Each of these functions accept pointers of type void. So if you want each item to be read into the right size memory space, you'll need to tell it the size of each item, and the number of items nmemb to read/write from/to the stream. fwrite promises not to modify the data that ptr references as well. The return the number of bytes read/written. If it's anything less than what you expected, you should check what happened using ferror or feof.

fseek

int fseek(FILE *stream, long offset, int origin);

This handy dandy function lets you hop through a file without doing anything other than changing the position in the FILE structure. You can use any stream of your choosing, but pay attention to whether or not it's a binary stream. If it's a binary stream, offset can be any number of bytes/characters from origin which should be set to either SEEK_SET (a constant representing the beginning of the file), SEEK_CUR (a constant representing the current position), or SEEK_END (the end of the file).

If you're reading a text stream, offset must either be zero or the current position as returned by a call to ftell (see below). In this case, always set origin to SEEK_SET.
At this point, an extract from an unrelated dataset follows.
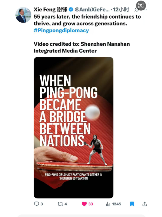 当时,谢锋大使在转发时写道:“国与国之间的关系,归根到底是人与人之间的关系。匹克球交流的故事,正是中美之间无数温暖连接的一个缩影,也为我们的未来带来了无尽的希望。”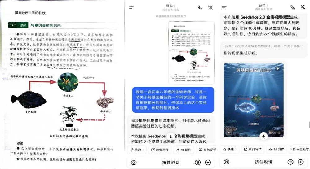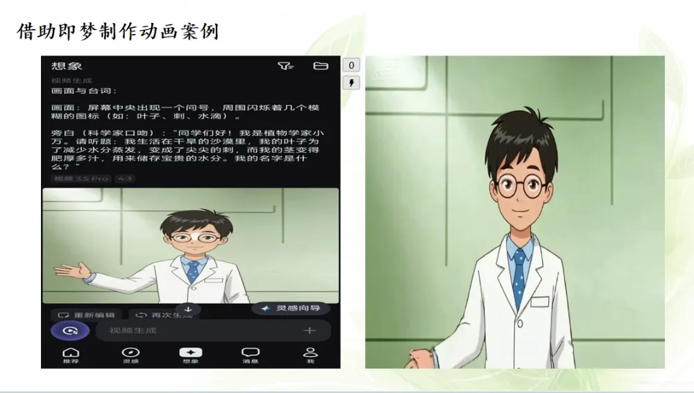 即梦生成动态素材:根据脚本,生成亲子对比动画、基因转移演示动画、种子发芽延时素材等,画面风格与课件统一。

FILE *text = fopen("myfile", "r");
FILE *binary = fopen("myfile", "rb");

fseek(text, ftell(text), SEEK_SET);
fseek(binary, -100, SEEK_END);

feof and ferror

int feof(FILE *stream);
int ferror(FILE *stream);

So you didn't get what you were expecting from one of the above functions. What do you do? You call feof or ferror. These two functions let you know what happened. feof returns true if the end of the stream has been reached, and ferror returns true if there was an error reading the stream.

fprintf and fscanf

These functions work just like their counterparts printf and scanf, respectively, except you specify which FILE to write to, rather than defaulting to stdout and stdin, respectively.

What's Buffering?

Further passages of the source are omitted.